◆ Data section
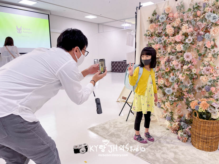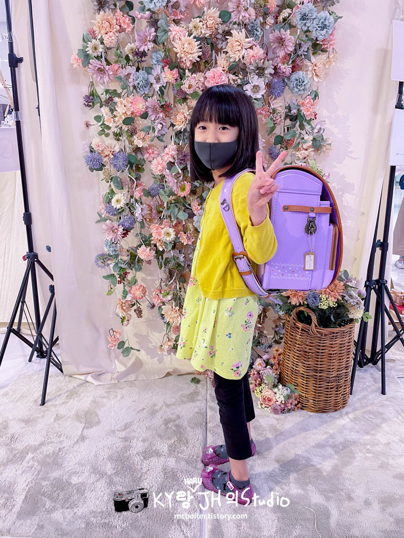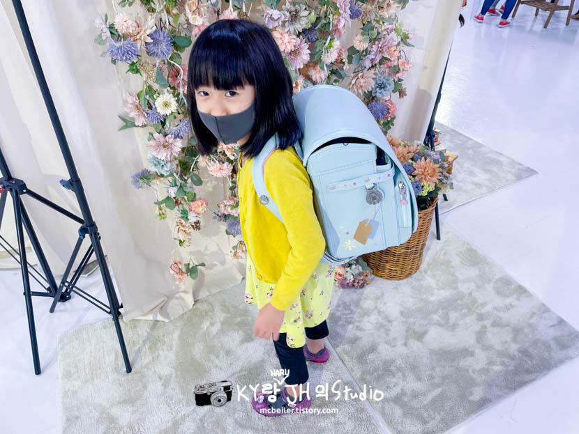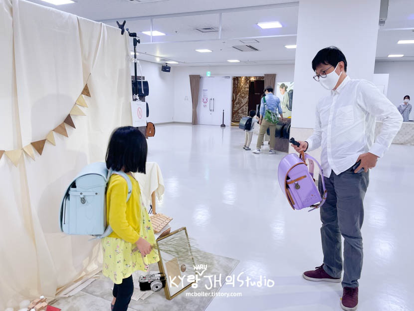 하지만 모델 시리즈 별로 전시해 둔 란도셀들 사이에 란도셀을 메고 기념사진을 찍을 수 있는 촬영 부스도 준비 되어 있어서 좋았습니다.
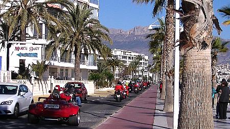 | Sunday was a particularly sunny day, and use was made of the coastal Ttram railway. Two got off at Teulada for a Christmas Market, I carried on to Altea, and after a coffee went for a walk along the promenade for a brief visit to The Kaktus Hotel, at Playa del Albir, to renew aquaintances, to learn about the free wifi - and where there was an invasion of about 100 or more Harley Davidson riders all dressed as Father Christmas. | ![]() |
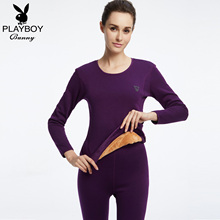 花花公子冬季保暖内衣女士加厚加绒黄金暖甲莫代尔棉圆领保暖套装
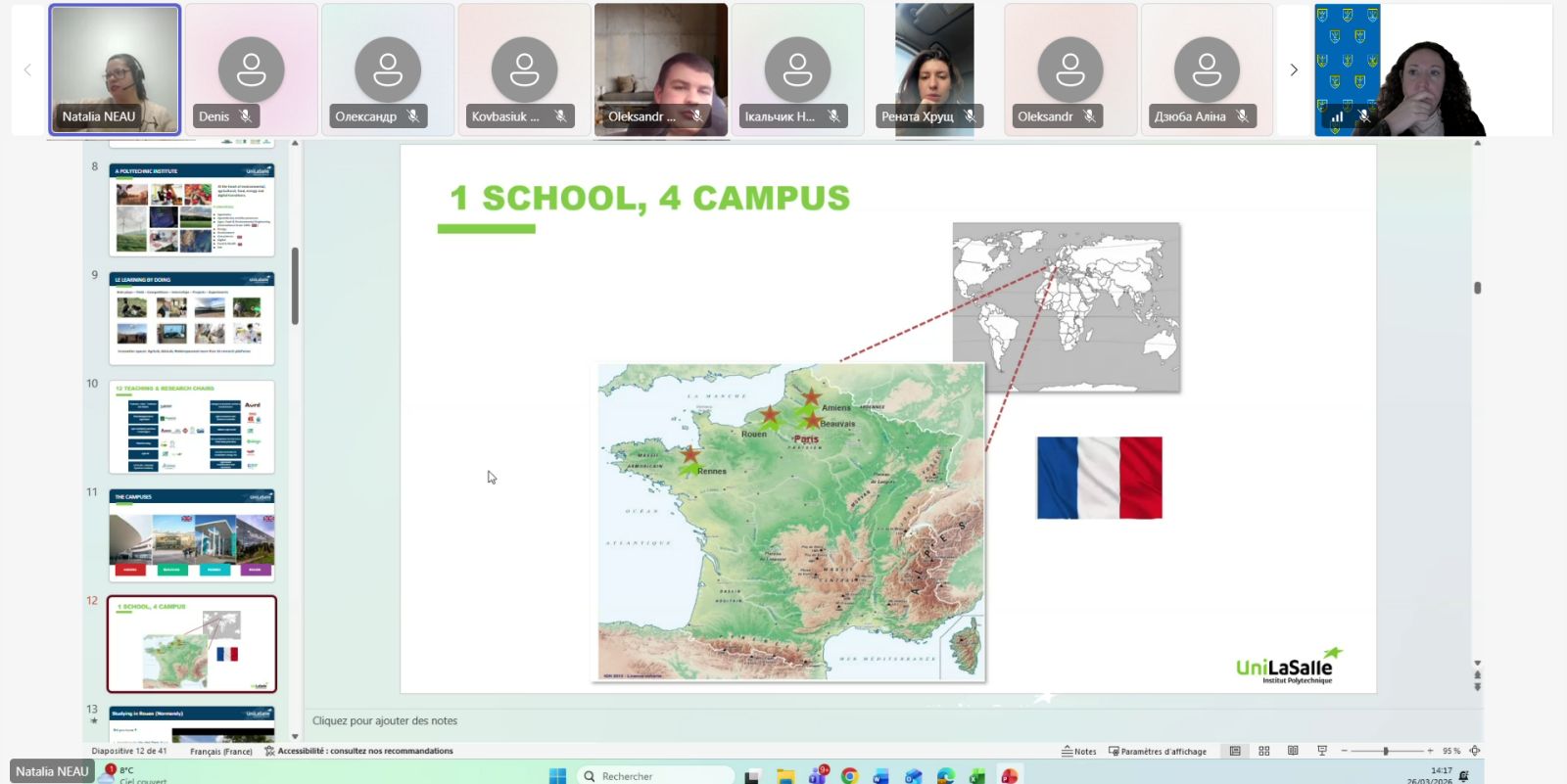 Під час презентації пані Natalie Neau надала детальну інформацію щодо академічної структури Institut Polytechnique UniLaSalle, освітніх стандартів у Франції та вимог до інженерних програм. Зокрема, було охарактеризовано:

◆ What you are asked to do
What should appear is an exact reproduction of the lines from the one with "花花公子冬季保暖内衣女士加厚加绒黄金暖甲莫代尔棉圆领保暖套装" through the end of the material above, and no pictures.

◆ Task response
 花花公子冬季保暖内衣女士加厚加绒黄金暖甲莫代尔棉圆领保暖套装
 Під час презентації пані Natalie Neau надала детальну інформацію щодо академічної структури Institut Polytechnique UniLaSalle, освітніх стандартів у Франції та вимог до інженерних програм. Зокрема, було охарактеризовано:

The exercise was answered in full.